The Psychology of Coughing
It’s about the psychology of the experience as a member of the audience at a concert involving classical music.
Unlike most pop music genres, the audience in a classical music concert is expected to give the music and its performance the entire floor, figuratively speaking. No dancing, no humming along. Certainly, no commentary or chatter during the performance. Silence and immobility (at least, insofar as movement of the audience is as unobtrusive as humanly possible), are the standard for audience behaviour.
It leaves coughing as virtually the only response possible.
The psychological underpinnings of coughing were discussed in Professor James W. Pennebaker’s (University of Texas, Austin TX) seminal study Perceptual and Environmental Determinants of Coughing, published in Basic and Applied Social Psychology in 1980. According to his research, coughing is not only a physical response; it’s a behaviour with social and psychological roots.
In essence, it’s contagious.
“Unlike health-seeking behaviours and self-reported physical sensations, coughing is typically an immediate and observable response to the perception of a scratchy or irritated throat. Several studies were conducted on coughing behaviour in naturalistic classroom settings.”
The significant findings include:
- The larger the group, the more coughs per person
- People are more likely to cough if they hear others cough
- The closer a person is to a cougher, the greater the probability that they will also emit a cough
- Coughing varies as a function of external stimulus demands (i.e., when subjects viewed a movie that had previously been rated for its interest value every 30 seconds, subjects were more likely to cough during the uninteresting portions)
- High instructor evaluations were related to fewer coughs during lectures. Perceptual, physiological, and depth of processing issues related to internal sensations arc discussed.
There are, of course, alternative interpretations of the coughing phenomenon. For example, during a pop music concert, it’s possible to talk or respond, but the amplified music means that it generally involves shouting, and does not interfere with your neighbour’s enjoyment of the music. Not so, when it comes to classical music and opera.

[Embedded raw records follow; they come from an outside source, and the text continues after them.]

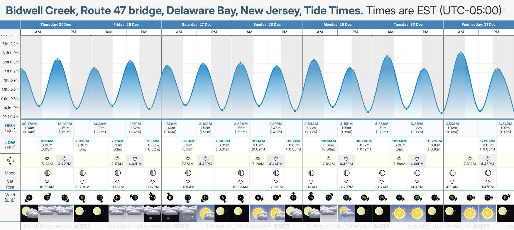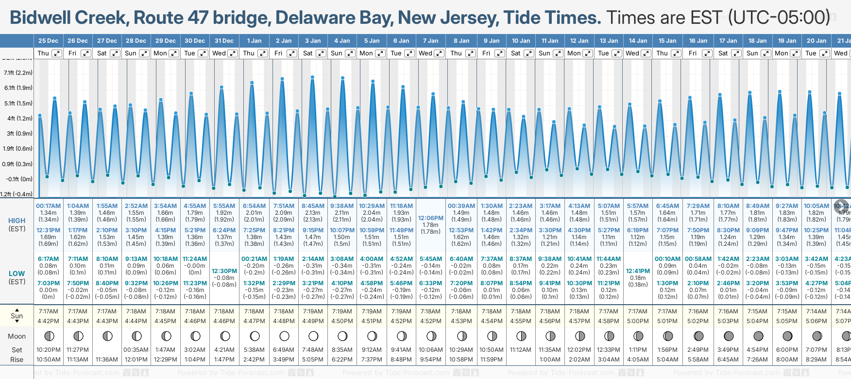 December and January Tide charts for Bidwell Creek, Route 47 bridge Bay: The tide charts below show the height, time and date of high and low tides for the next 30 days.
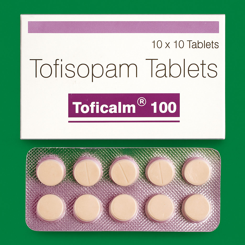 Toficalm 100 mg contains Tofisopam, an atypical benzodiazepine derivative designed to relieve anxiety, stress, and tension without causing sedation or impairing daily functioning. Its unique profile allows patients to remain alert and active while managing anxiety effectively.
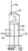 Поршень 108 имеет шток 112 крестообразного сечения. Одна из пластин 114 штока 112 входит в паз 116, образованный двумя пластинами 118, из которых только одна показана на фиг.12 и которые предотвращают вращение поршня и штока. На фиг.11 показан еще один вариант выполнения, отличающийся от варианта на фиг.10 тем, что цилиндр 100 шприца имеет некруглую форму, в данном случае эллиптическую. В этом варианте можно обойтись без паза и пластин 116, 118. Следует указать, что на фиг.12 показан боковой вид как варианта на фиг.11, так и варианта на фиг.10. В обоих этих вариантах игла 106 удерживается на месте выступами 46 на внутренней канавке шприца, и как только поршень оказывается введенным полностью, соединитель 14 поршня 108 входит в зацепление с фиксатором 12, после чего игла 106 отводится внутрь шприца при отводе поршня 108.
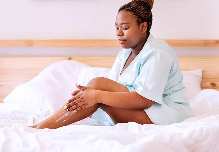 Just sprinkle some colloidal oatmeal into your bathwater to help soothe itchy legs and restore some moisture. When you get out of the tub, pat yourself dry (rubbing can make things worse) and apply a fragrance-free moisturizer.
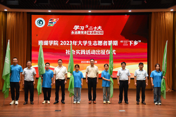 为深入学习宣传贯彻习近平新时代中国特色社会主义思想和党的二十大精神,认真落实团十九大部署,坚持在火热实践中培育有理想、敢担当、能吃苦、肯奋斗的新时代好青年,6月28日下午,Beat365唯一官方网站2023年大学生志愿者暑期“三下乡”社会实践活动出征仪式在求实楼报告厅举行。校党委书记周峰,党委委员、党委组织部部长柯应根,校办公室、党委宣传部、党委保卫工作部、教务处等相关职能部门负责人和各学院党政领导出席仪式,各学院团委书记、重点团队指导教师和成员代表参加仪式。仪式由校团委书记王倩主持。
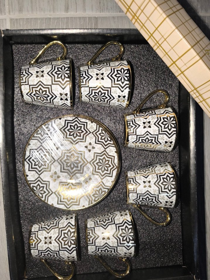 fincan seti, beyaz üzerinde koyu bohem desenlere ve altın renkli kulplara sahiptir. Altı fincan ve bir tabaktan oluşur. ☕

In a BBC radio show, concert pianist Susan Tomes talked about coughing during performances. “I certainly do notice it, but I think it has something to do with the fact that people have gotten so used to hearing music amplified,” she said. “Many types of music are so loud, but classical music is not, and when you go to a classical concert, you forget how quiet acoustic instruments are.”
Some concert venues in London have attempted to stem the intrusion of coughing by offering free cough drops in their foyers, a practice which is obviously not COVID-era safe.
Other times, a more drastic approach has been taken. During a 2019 performance of Donizetti’s Lucia di Lammermoor at the Vienna Staatsoper, Olympic hockey star Samatha Quek was escorted out of her seat, and watched the rest of the performance from a screen in another room after a coughing fit.
Up till about the first half of the 19th century, concerts were generally an informal affair, and audience members wandered about, and vocalized their approval or disapproval of the performance. Demanding absolute silence from modern audiences may just be outside the realm of the possible.
“Substantial evidence suggests that coughing in concerts is excessive and non-random,” concludes Wagener sternly in his paper, “[…] concert coughs, thus, must be regarded as wilful and voluntary to a substantial degree.”